While it makes for great news, it’s also alarming how not just writing, but almost every other non-corporatized medium of art has been deemed as a “passion” and not a paid profession in several countries like ours.

There are thousands of articles online which tell us how reading is going out of fashion and how books don’t sell anymore. Consider this. If all the writers in the world decide to go on a strike for a day, what results will Google throw up when someone types in that date? It’ll be nothing more than an empty slate. Without comic book artists where will the summer superhero blockbusters go?

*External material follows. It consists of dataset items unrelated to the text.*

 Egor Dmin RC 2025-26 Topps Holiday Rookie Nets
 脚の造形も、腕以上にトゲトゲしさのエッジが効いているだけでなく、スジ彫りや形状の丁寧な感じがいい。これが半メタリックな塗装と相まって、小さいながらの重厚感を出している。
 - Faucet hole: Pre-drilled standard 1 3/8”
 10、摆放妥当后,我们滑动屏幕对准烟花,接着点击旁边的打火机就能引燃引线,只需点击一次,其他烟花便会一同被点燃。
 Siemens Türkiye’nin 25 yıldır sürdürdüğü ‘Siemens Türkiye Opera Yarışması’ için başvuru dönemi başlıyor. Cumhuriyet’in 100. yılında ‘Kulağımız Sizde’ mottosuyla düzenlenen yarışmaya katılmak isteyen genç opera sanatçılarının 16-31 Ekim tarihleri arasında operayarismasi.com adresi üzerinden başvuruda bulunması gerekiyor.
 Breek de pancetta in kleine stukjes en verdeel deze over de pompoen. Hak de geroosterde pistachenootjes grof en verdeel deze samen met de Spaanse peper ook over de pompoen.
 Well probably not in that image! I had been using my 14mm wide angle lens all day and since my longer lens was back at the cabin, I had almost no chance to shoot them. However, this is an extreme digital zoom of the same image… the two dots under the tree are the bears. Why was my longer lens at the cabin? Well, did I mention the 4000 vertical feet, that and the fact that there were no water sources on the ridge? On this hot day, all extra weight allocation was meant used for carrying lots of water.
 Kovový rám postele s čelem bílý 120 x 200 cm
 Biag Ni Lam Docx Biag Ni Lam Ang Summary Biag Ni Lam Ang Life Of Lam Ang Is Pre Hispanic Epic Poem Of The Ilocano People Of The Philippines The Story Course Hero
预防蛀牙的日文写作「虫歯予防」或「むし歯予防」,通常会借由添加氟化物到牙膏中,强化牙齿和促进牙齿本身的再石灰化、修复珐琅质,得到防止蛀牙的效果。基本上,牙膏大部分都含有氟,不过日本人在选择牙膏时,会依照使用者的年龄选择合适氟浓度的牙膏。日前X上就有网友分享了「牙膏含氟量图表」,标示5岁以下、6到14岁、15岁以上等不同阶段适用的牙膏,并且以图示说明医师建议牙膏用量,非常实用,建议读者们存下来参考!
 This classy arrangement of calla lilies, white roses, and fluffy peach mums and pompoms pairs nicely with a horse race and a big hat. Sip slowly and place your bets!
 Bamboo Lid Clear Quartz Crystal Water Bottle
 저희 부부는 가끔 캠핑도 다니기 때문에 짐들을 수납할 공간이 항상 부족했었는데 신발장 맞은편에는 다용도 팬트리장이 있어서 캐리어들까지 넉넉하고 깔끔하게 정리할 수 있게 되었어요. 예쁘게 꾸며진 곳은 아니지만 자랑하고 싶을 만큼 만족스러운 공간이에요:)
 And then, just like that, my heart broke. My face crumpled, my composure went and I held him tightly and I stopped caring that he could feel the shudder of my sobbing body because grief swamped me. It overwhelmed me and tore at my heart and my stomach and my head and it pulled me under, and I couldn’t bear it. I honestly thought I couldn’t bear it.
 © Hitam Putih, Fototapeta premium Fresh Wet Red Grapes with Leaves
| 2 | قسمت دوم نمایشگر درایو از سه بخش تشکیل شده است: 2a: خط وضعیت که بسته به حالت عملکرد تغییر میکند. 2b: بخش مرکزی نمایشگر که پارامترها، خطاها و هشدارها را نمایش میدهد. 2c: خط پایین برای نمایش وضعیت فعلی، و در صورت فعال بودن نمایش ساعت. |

Exclusivity of ambition is something we all want to attain. But the idea of a dream can be as simple as visiting the village in Bangladesh where your grandparents were born. When we are young dreams enthrall us even during our waking hours. I remember I could see the seven-legged monster even inside the school library. As we grow older we lose relevance of dreams in our lives. We still wake up sweating, get chased by masked murderers and often hang out with Benedict Cumberbatch. But our phony sense of maturity forces all such thoughts out of our system so we can feel like grown-ups. In trying to keep with time, we forget to keep with the wonders of the mind.

It was summer I think, many years ago. Raining possibly. My mother and I were sitting at the window when she asked me what I wanted to become when I grew up. Like every mother asks. I looked up at the sky and told her I wanted to become an astronaut.

Half the boys in our class wanted to become an astronaut I remember. It was the coolest word we knew—astronaut! The boy who sat next to me in class even told his father so. In turn, his father blamed his mother for allowing him to watch too much television. I had expected a similar reaction from my mother too. That’s what parents are supposed to do, I thought. Tell us what’s possible for us and what’s impossible.

But the next morning she gifted me a small action figure of a space traveler. It was a neatly designed figurine, and was strangely yellow in color. “This is you,” she had said. I was so thrilled with my new present that I immediately ran out of the house to show it to my friends who lived in the colony. Later when I returned, she was folding my clothes and keeping them inside the cupboard.

When I asked her again if she really thought it was me, she nodded. Then she said, “But this is all I can do for you. The rest of the journey is yours. I will keep reminding you that it is you. Whether you become an astronaut who travels to the moon, to faraway planets, to other galaxies or remain in this house and yet imagine more wonderful worlds than even those galaxies, is for you to decide.”

I definitely didn’t become an astronaut. In fact my palms still start sweating every time I fly even on a passenger airplane. But it is because of that one summer afternoon at my ancestral home in Calcutta, that I never feared trying new things in my life again. Or at least speaking my mind. Nothing seemed easier of course, but nothing seemed improbable either. Sometimes, it seems, the unfulfilment of one dream keeps the others alive.